布鲁斯在窄床上醒来,肌肉酸痛得像被碾压过,但意识清晰。他躺了一会儿,听着石屋里的声音:尤娜在隔壁房间走动,靴子踩木地板的吱呀声,陶碗相碰的轻响,丹增在门外劈柴的规律——斧头落下,木柴裂开,停顿,重复。
他起身,推开储物间的门。
前厅里,尤娜正蹲在火塘边,手里拿着一本硬皮笔记本,就是昨天那本深绿色的。她没抬头,手指翻动着纸页,嘴里默念着什么,另一只手往火塘里添了一块干牛粪。
"母亲记录这些花的干燥时间时总是很精确,"她说,声音带着刚睡醒的沙哑,"她说湿度超过百分之四十就会发霉,但这里的湿度计坏了三年,我只能靠鼻子闻。"
她把笔记本放在膝盖上,凑近火塘上方悬挂的一束风干的紫色花朵,吸了吸鼻子。那本笔记本摊开着,布鲁斯能看到页面上密密麻麻的铅笔字,还有一些小型的植物素描,标注着日期和海拔高度。

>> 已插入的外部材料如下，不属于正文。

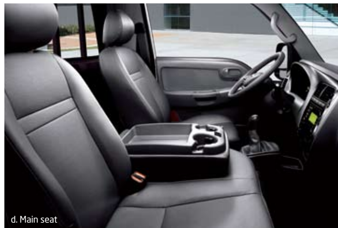
d. Main seat

a. The metallic tone centre fascia creates a distinctive high-tech image, while the climate control system integrates the heating, air conditioning and ventilation controls into one unit. b. The versatile glove box offers convenient storage solutions for small items while providing up to 11.13 litres of total space. c. A conveniently located Aux/USB socket allows you to play your favorite tunes from just about any external music device. d. Spacious seats are tastefully finished artificial leather or cloth while the centre seatback can be folded forward to reveal a double layer tray with two cup holders, memo clip and coin tray. e. The driver seat features adjustable lumbar support at the touch of a button to provide maximum comfort on long journeys. f. Makes maneuvering the K-series truck a breeze while also allowing you to set your preferred steering wheel height position for maximum comfort. g. Fills the riding space with premium sound while offering maximum connectivity to external music devices.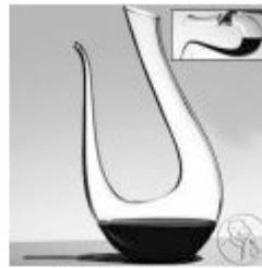
Riedel Amadao Lyra Decanter

Eurocave - French Craftmanship has resulted in the most technically advanced Wine Cellar in the World We have stand alone wine cellars from 6 - 1,000 bottles or Custom Designed Wine Cellars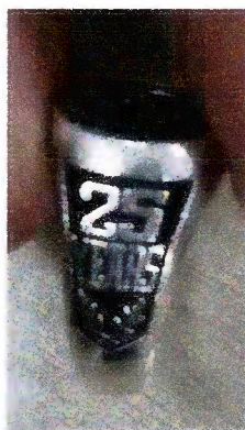
Engraved One side of the ring is the 25 or 20 years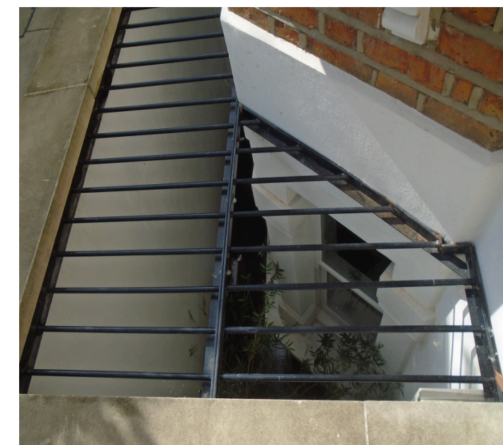
Front Patio existing grill @ n. 57 Solent Road ( next door property)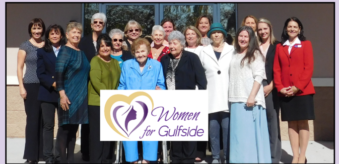
Women for Gulfside Founding Members

Join a group of dedicated women making an impact in the lives of patients and their families in our community.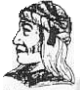
UGHWA DEHLOH YATER Because of the help of this Oneida Chief in cementing a friendship between the six nations and the Colony of Pennsylvania, a new nation, the United States was made possible.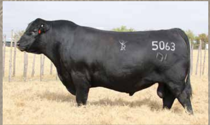
SIRE OF LOTS 79 & 80 BAR R JET BLACK 5063

Another Jet Black son, he has added growth and muscle. WW 25%, YW 25%, RADG 40%, SC 40%, Milk 35%, CWT 15%, REA 30%, $W 25%, $B 20%.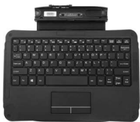
Companion Keyboard & KickStrap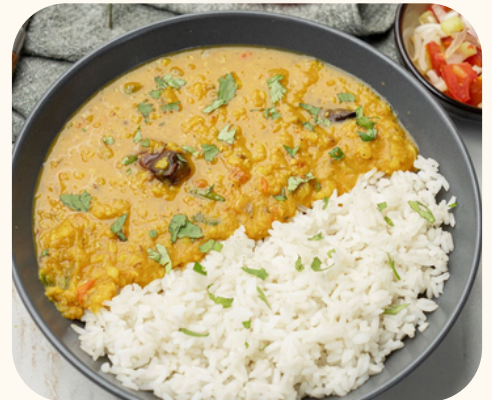
YELLOW DAL CHAWAL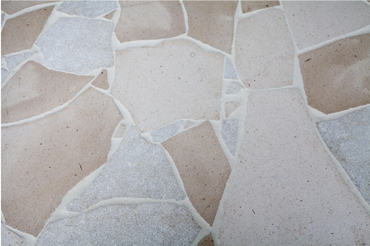
the table's limestone surface

the exhibition coincides with the release of ‘ studio arthur casasa: works 2008-2015 ’ — a new monograph surveying the recent projects of arthur casasa. the book highlights major designs dating from the last seven years through explanatory texts, color photos and rarely-seen drawings.

"这些是她从塞勒姆带来的?"布鲁斯问,随即意识到可能触及了边界。
尤娜抬起头,看了他一眼,眼神里没有悲伤,只有一种平静的继承感。
"她带来了很多书,"尤娜说,手指抚过纸面,"但她最喜欢这本。她说记录生长比记录死亡有用。你睡得好吗?你昨晚一直在翻身,我在隔壁听得见。"
布鲁斯愣了一下。他确实睡了,而且他没有做梦,或者至少没有记得那些梦。这在过去三年里从未发生过。他通常会在入睡两小时后惊醒,汗水浸透床单,耳朵里回响着枪声。
"还好,"他说,"比预期的好。"
尤娜合上笔记本,把它放回火塘旁木架上的固定位置,动作熟练得像是在放置一个常用的厨具。布鲁斯注意到木架上还有其他几本类似的本子,有些更旧,封面磨损得更严重,还有一些零散的纸张用石头压着。
"那是她观察星星的,"尤娜顺着他的目光看去,指了指最旧的那本,"那是记录牲畜疾病的。母亲喜欢把东西写下来,她说记忆会骗人,但铅笔不会。"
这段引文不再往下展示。